Он и в медколледж-то подался, потому что там одни девчонки учились, чтобы от ребячьих насмешек избавиться, а не потому, что потом с дипломом на девок голых можно смотреть да безнаказанно трогать.
Но и там, когда узнали, что настоящее Петькино имя Перфилий, от греческого происходящее, постоянно подшучивали и называли Аполлоном, златокудрым богом-врачевателем.

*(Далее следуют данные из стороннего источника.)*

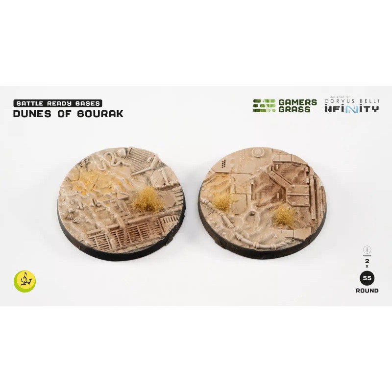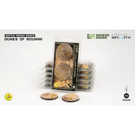 Ce pack contient 2 socles ronds Battle Ready peints et finis à la main. Chaque socle met en valeur les détails et textures du thème Dunes of Bourak, offrant un rendu immersif et professionnel dès l’ouverture du blister. Ces bases renforcent l’atmosphère et la stratégie de vos parties « Infinity », idéales pour représenter les explorations et installations des Sālik sur ce monde chaud et exotique.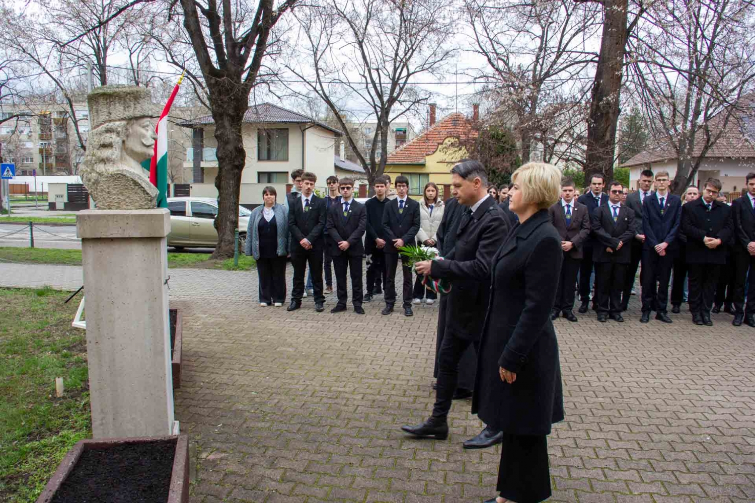 Március 27-hez, II. Rákóczi Ferenc emléknapjához csatlakozott és ünnepséget szervezett névadójáról a kiskunhalasi középiskola. A II. Rákóczi Ferenc Katolikus Gimnázium és Technikum diákjai, tanárai főhajtással és műsorral tisztelegtek a fejedelem emléke előtt. A csütörtök délelőtti program helyszíne az intézmény előtti tér volt, ahol a Rákóczi-szobor áll.

И вот тут они не ошибались – из Петьки действительно, как постоянно говорили преподаватели, мог получиться врач от бога. И убедили поработать годик самостоятельно фельдшером на селе, а потом уже на льготных условиях в медицинский поступать. На Кьянде, после того как уехала куда-то с Валерой на новое место, от греха подальше Настя, как раз долго не могли вакансию закрыть, ему и предложили поехать, мол, народ деревенский добрый, в основном старики живут, у них у всех болячки известные – гипертония да остеохондрозы с радикулитами.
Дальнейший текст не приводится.